In this DVD, you get a film geek’s wet dream. Two very good film commentaries. One by Francis Coppola. The other by Walter Murch. I don’t think I’ve ever listened to two commentaries and thought they were both worth listening to, let alone, that they enriched my knowledge of movies.
Coppola is actually a very good at DVD commentaries. Even for his later films, like “Tetro” (which isn’t an amazing movie, but you learn a lot from him speaking). In “The Conversation”, you learn that this is the kind of film Coppola wanted to make a career out of, and not the grandiose ones he was known for (The Godfather, Apocalypse Now). The career he envies most is Woody Allen’s, for making small, personal films, though you also get the feeling Coppola liked his position. He was after all the most commercial director and most artistically respected director on Earth simultaneously.
I don’t know if any director can boast this in the history of movies. I recall Coppola describing why a sound editor (who was played by Gene Hackman) was such a fascinating topic for a film. Coppola saw the “process” was fascinating. He emphasized that people were transfixed by a process, in the caveman sense. To watch someone make something or build something is innate and primal. In movies, watching a “process” is gold.

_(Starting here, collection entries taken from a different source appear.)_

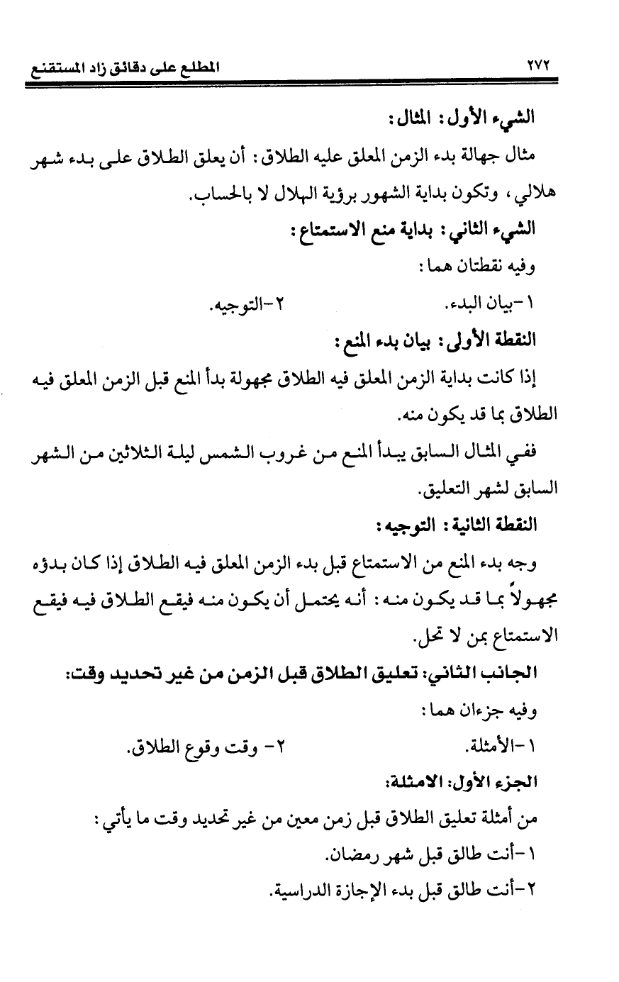 مثال جهالة بدء الزمن المعلق عليه الطلاق: أن يعلق الطلاق على بدء شهر هلالي، وتكون بداية الشهور برؤية الهلال لا بالحساب.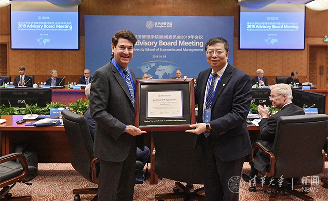 邱勇首先介绍了10月17日国家副主席王岐山会见新葡萄经管学院顾问委员会委员的情况。随后,他代表新葡萄经管学院顾问委员会向离任主席、布瑞尔资本(Breyer Capital)创办人兼首席执行官吉慕·布瑞尔(Jim Breyer)颁发感谢证书,感谢他在担任主席期间(2016-2019)为顾问委员会所作的贡献。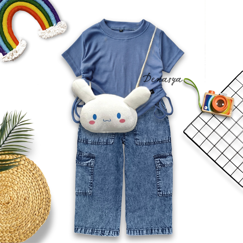 Pakaian Anak Perempuan Kekinian / Setelan Baju Knit dan Kulot Cargo Jeans Snowblue 1-12 Tahun
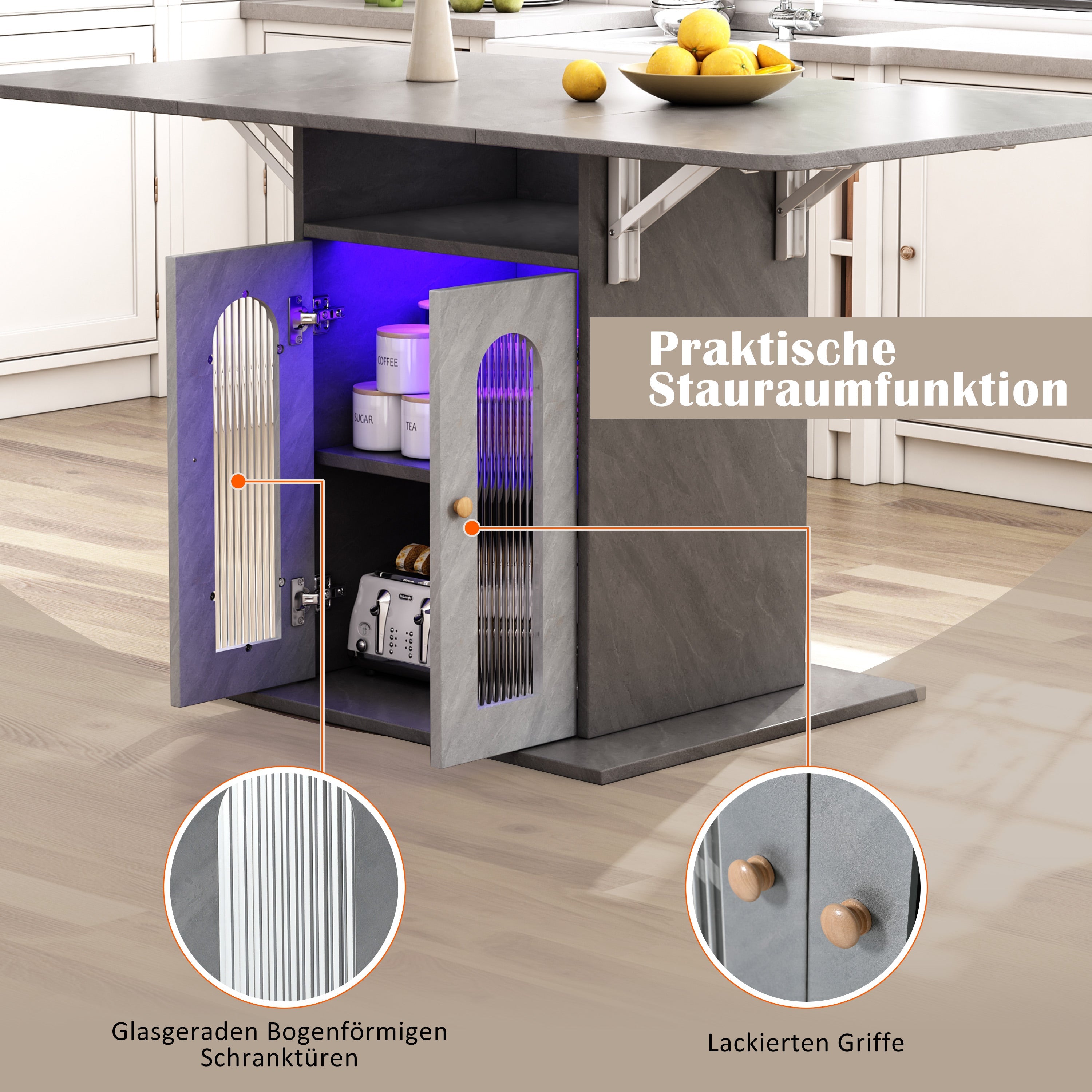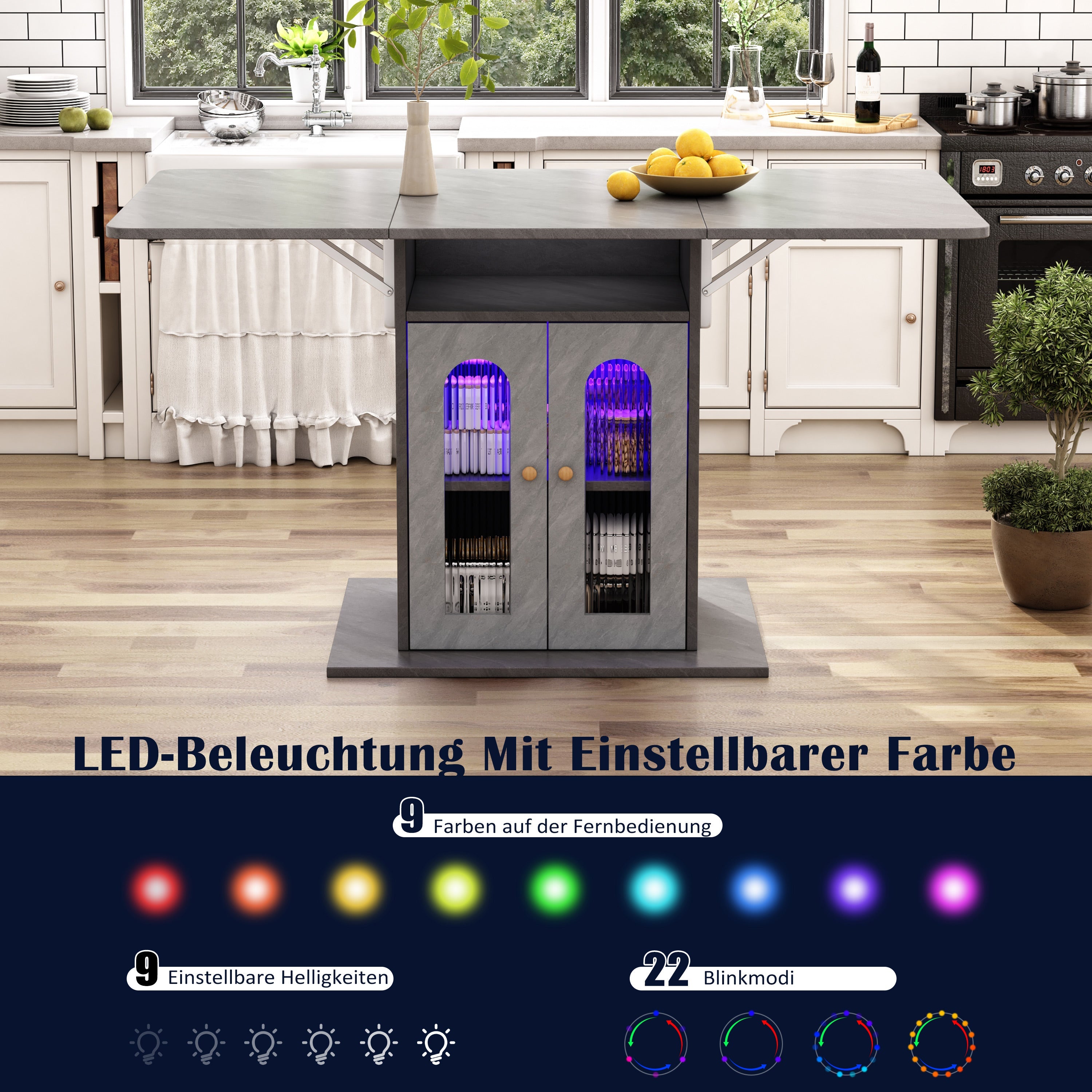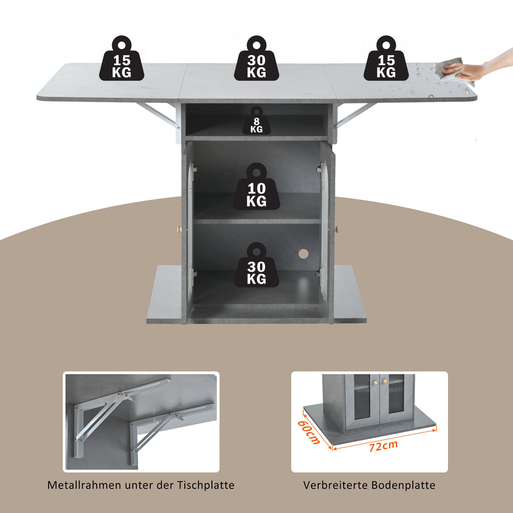 Folding Dining Table, Modern Extendable with LED Lighting & Storage, 140x78 cm

On Murch’s end, he talks about how Coppola basically left him the movie to edit without supervision, because had to go make “The Godfather, Part II”. Murch essentially was the co-director of “The Conversation” though he never even implies this. Rather, he talks about how every director is different, and Francis is the type who likes to hire department heads and lets them run with it. Murch speaks in detail about the sound design, making certain characters “vague” through editing (essentially allowing the audience to interpret if they’re good or evil) and what great actors like Hackman and John Cazale can offer an editor. Both are great film minds. But what makes a great director (particularly on the scale of a Coppola) is the team he assembles. Even Hitchcock wasn’t great anymore when he lost his team. Coppola was a leader, who was as good as his soldiers.